Assignment 5: Regier model exercises
Assigned Thursday, March 1
Due Tuesday, March 13th, in class.

In this homework you will use Terry Regier's program to learn spatial relation terms. You should read the text through Chapter 6 before starting this exercise. If you get stuck at some point in the assignment read through the rest of the assignment before emailing anyone since the answer to what you seek might already be somewhere in the assignment.
Step 1. Getting started

If you have never used UNIX before, or are unsure about some of the basic commands, please see here.

To get started on the assignment, you will need to get and install a copy of the program in your directory. To do this you should:

  1. Log into a PC running Solaris in room 275 Soda. There is a bug that prevents certain output values from displaying properly on these machines, so we recommend logging in remotely from your own computer or from one of the machines in 273 Soda. However, there are probably scheduled lab times for other CS classes in that lab, so check the schedules posted on the second floor for times when you can be in those labs. (After 7PM is usually free for sure.)

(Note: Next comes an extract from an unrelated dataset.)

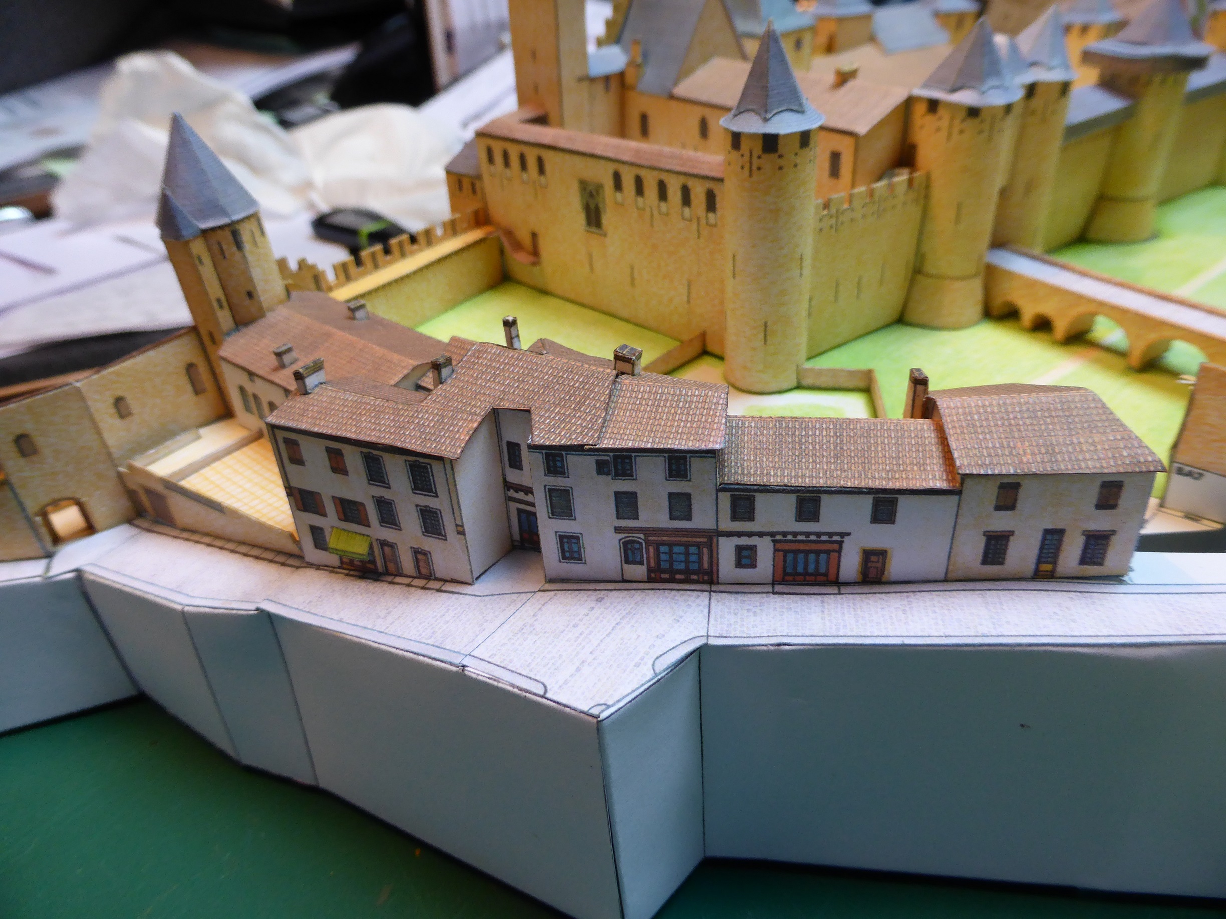 Mise en place des bâtiments et pose des toits et cheminées :

    If you do want to log in remotely from a Windows computer, you'll need to use SSH or a similar secure login program, and a remote graphics client like Exceed (Berkeley students may download a full, licensed copy of Exceed from here: http://software-central.berkeley.edu/all/exceed They have to be either on campus or set up a proxy server; directions for the latter are here: http://proxy.lib.berkeley.edu/) (download a trial version of Exceed 2007 from here; instructions for use may be found here). (Another remote graphics client, a.k.a. X-server, that you can use is called Cygwin. You can get it here. The advantage is that it's "free software", so it's a full version, free. The catch is that it may be slightly harder to set up. Personally, this is what I use when I use MS Windows.) If you're using a UNIX-based computer, such as one running OSX, then you should use the X-server that came with your computer; I know for a fact that OSX has an X-server.

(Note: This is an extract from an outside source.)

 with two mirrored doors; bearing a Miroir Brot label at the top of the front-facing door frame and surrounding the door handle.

    The Regier program only runs on Solaris X86 machines, so you'll need to use either one of the Solaris machines in 275 Soda or one of the following: rhombus.cs, pentagon.cs, po.eecs, torus.cs.

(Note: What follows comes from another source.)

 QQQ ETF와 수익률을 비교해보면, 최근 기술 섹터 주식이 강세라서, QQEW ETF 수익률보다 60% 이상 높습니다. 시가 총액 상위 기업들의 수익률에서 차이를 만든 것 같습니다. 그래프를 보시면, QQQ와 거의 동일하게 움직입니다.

    At this point, if you're in the lab, you may need to open a terminal window if there isn't one already there. If you don't know how to do this, ask someone for help. (A command like "xterm" or "Terminal" should be available in a menu that appears when you click on the desktop with the right mouse button.)

  2. Copy the file space.tar.gz to your directory (don't forget the period at the end):
    cp ~cs182/programs/space.tar.gz .
    (You may also download the file using the link above; save it in your current working directory.)

    Note: if at some point in the process you get a message saying that you are over the disk quota, you should erase some of your previous files from the account, such as the .netscape/cache files.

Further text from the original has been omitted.